[Task brief] Without copying the images, write out all the entries below verbatim.

[Records]
★ ★ ★ ★ ★

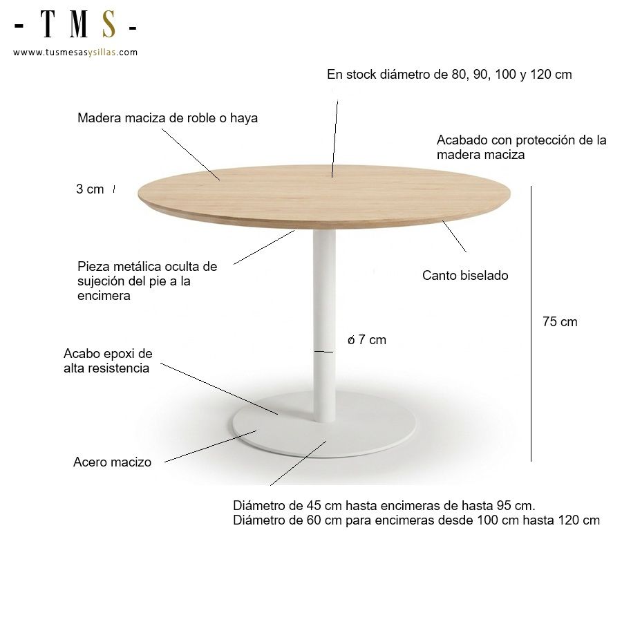 Dans ce cas, c'est avec un plateau en chêne massif , de 3 cm d'épaisseur et 90 cm de diamètre, les bords du plan de travail sont biseautés Un pour obtenir une esthétique minimaliste et un bord poli et attrayant, l'ensemble du comptoir est en bois massif et protégé par un vernis mat naturel afin qu'il puisse être facilement nettoyé.
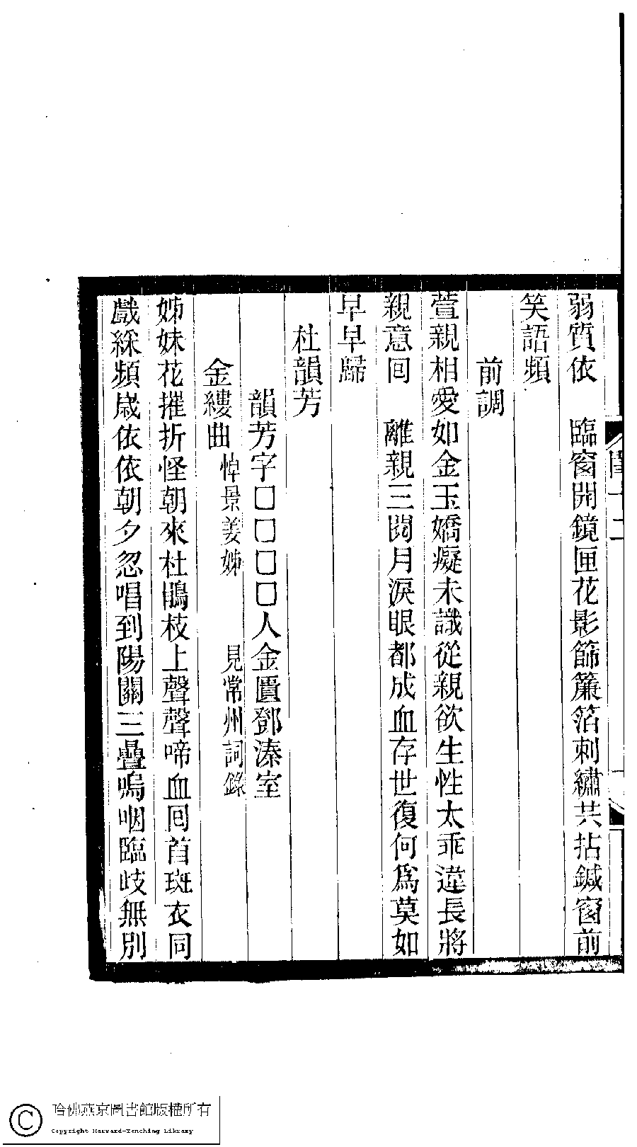 | (PRINT FRIENDLY VERSION) 閨秀詞鈔﹕十六卷(清徐乃昌輯)。清宣統元年(1909)小檀欒室刻本。 ![]() Page : 12.10b | click for larger image | Back |
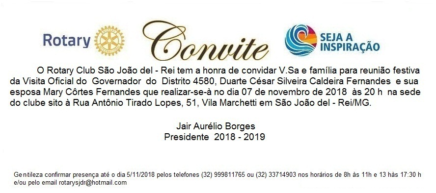 O Rotary Club São João del - Rei terá a honra de receber visita ofical do Governador do Distrito 4580 de RI, bem como de sua esposa, Tânia quando estará completando seu cinquentenário de fundação em 07/11/2016.
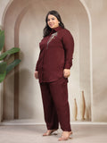 Plus Size Hand Embellishment Shirt Collar Long sleeves Trousers Co-Ords
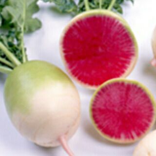 根の直径が7~8cm、内部の肉色は鮮紅色で美しく、サラダ、浅漬け、おろしに適します。紅色の成分はポリフェノールの一種「アントシアン」で、抗酸化作用があります。品種の特性上、内部紅色の発色程度に差が生じます。内部の発色が強い固体は、ひげ根も赤みを帯びます。
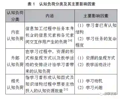 Sweller 将认知负荷分为三类:内在认知负荷、外部认知负荷和相关认知负荷[9],认知负荷的分类及其主要影响因素如表1 所示:

★ ★ ★ ★ ★

[Task answer]
 Dans ce cas, c'est avec un plateau en chêne massif , de 3 cm d'épaisseur et 90 cm de diamètre, les bords du plan de travail sont biseautés Un pour obtenir une esthétique minimaliste et un bord poli et attrayant, l'ensemble du comptoir est en bois massif et protégé par un vernis mat naturel afin qu'il puisse être facilement nettoyé.
 | (PRINT FRIENDLY VERSION) 閨秀詞鈔﹕十六卷(清徐乃昌輯)。清宣統元年(1909)小檀欒室刻本。 ![]() Page : 12.10b | click for larger image | Back |
 O Rotary Club São João del - Rei terá a honra de receber visita ofical do Governador do Distrito 4580 de RI, bem como de sua esposa, Tânia quando estará completando seu cinquentenário de fundação em 07/11/2016.
 Plus Size Hand Embellishment Shirt Collar Long sleeves Trousers Co-Ords
 根の直径が7~8cm、内部の肉色は鮮紅色で美しく、サラダ、浅漬け、おろしに適します。紅色の成分はポリフェノールの一種「アントシアン」で、抗酸化作用があります。品種の特性上、内部紅色の発色程度に差が生じます。内部の発色が強い固体は、ひげ根も赤みを帯びます。
 Sweller 将认知负荷分为三类:内在认知负荷、外部认知负荷和相关认知负荷[9],认知负荷的分类及其主要影响因素如表1 所示:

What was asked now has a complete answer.